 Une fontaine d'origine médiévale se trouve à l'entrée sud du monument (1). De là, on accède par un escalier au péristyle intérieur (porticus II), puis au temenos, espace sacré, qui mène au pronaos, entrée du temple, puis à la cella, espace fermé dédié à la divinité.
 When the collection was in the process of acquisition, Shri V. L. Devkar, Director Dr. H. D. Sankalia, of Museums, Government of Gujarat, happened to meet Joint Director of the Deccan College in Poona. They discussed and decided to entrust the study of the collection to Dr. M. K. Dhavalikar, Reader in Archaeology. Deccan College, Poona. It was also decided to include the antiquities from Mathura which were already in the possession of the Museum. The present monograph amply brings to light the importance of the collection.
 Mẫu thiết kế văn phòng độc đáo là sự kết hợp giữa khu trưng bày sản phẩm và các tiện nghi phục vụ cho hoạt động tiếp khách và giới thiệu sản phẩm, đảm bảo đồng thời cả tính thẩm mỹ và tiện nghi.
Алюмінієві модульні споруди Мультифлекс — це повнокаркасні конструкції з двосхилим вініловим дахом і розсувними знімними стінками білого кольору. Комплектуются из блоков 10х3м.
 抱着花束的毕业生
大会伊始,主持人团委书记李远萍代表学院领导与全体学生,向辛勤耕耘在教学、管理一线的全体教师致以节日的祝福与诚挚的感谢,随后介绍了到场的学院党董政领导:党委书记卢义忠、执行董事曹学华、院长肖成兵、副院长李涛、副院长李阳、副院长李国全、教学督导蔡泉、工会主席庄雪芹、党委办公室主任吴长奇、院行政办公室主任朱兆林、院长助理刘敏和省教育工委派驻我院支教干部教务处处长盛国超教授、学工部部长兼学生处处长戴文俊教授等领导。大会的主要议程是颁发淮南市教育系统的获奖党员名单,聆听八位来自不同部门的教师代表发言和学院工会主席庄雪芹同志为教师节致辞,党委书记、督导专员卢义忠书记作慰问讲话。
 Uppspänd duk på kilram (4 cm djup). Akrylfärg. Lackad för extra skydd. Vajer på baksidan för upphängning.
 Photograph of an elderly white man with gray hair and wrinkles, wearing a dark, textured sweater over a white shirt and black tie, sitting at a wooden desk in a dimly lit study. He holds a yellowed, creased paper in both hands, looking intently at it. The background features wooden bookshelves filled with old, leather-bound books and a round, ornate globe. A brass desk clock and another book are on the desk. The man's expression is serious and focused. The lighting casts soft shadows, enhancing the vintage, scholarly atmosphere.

----------

**About this task**. The full set of entries above should be given again exactly.

**Written solution**.
 Une fontaine d'origine médiévale se trouve à l'entrée sud du monument (1). De là, on accède par un escalier au péristyle intérieur (porticus II), puis au temenos, espace sacré, qui mène au pronaos, entrée du temple, puis à la cella, espace fermé dédié à la divinité.
 When the collection was in the process of acquisition, Shri V. L. Devkar, Director Dr. H. D. Sankalia, of Museums, Government of Gujarat, happened to meet Joint Director of the Deccan College in Poona. They discussed and decided to entrust the study of the collection to Dr. M. K. Dhavalikar, Reader in Archaeology. Deccan College, Poona. It was also decided to include the antiquities from Mathura which were already in the possession of the Museum. The present monograph amply brings to light the importance of the collection.
 Mẫu thiết kế văn phòng độc đáo là sự kết hợp giữa khu trưng bày sản phẩm và các tiện nghi phục vụ cho hoạt động tiếp khách và giới thiệu sản phẩm, đảm bảo đồng thời cả tính thẩm mỹ và tiện nghi.
Алюмінієві модульні споруди Мультифлекс — це повнокаркасні конструкції з двосхилим вініловим дахом і розсувними знімними стінками білого кольору. Комплектуются из блоков 10х3м.
 抱着花束的毕业生
大会伊始,主持人团委书记李远萍代表学院领导与全体学生,向辛勤耕耘在教学、管理一线的全体教师致以节日的祝福与诚挚的感谢,随后介绍了到场的学院党董政领导:党委书记卢义忠、执行董事曹学华、院长肖成兵、副院长李涛、副院长李阳、副院长李国全、教学督导蔡泉、工会主席庄雪芹、党委办公室主任吴长奇、院行政办公室主任朱兆林、院长助理刘敏和省教育工委派驻我院支教干部教务处处长盛国超教授、学工部部长兼学生处处长戴文俊教授等领导。大会的主要议程是颁发淮南市教育系统的获奖党员名单,聆听八位来自不同部门的教师代表发言和学院工会主席庄雪芹同志为教师节致辞,党委书记、督导专员卢义忠书记作慰问讲话。
 Uppspänd duk på kilram (4 cm djup). Akrylfärg. Lackad för extra skydd. Vajer på baksidan för upphängning.
 Photograph of an elderly white man with gray hair and wrinkles, wearing a dark, textured sweater over a white shirt and black tie, sitting at a wooden desk in a dimly lit study. He holds a yellowed, creased paper in both hands, looking intently at it. The background features wooden bookshelves filled with old, leather-bound books and a round, ornate globe. A brass desk clock and another book are on the desk. The man's expression is serious and focused. The lighting casts soft shadows, enhancing the vintage, scholarly atmosphere.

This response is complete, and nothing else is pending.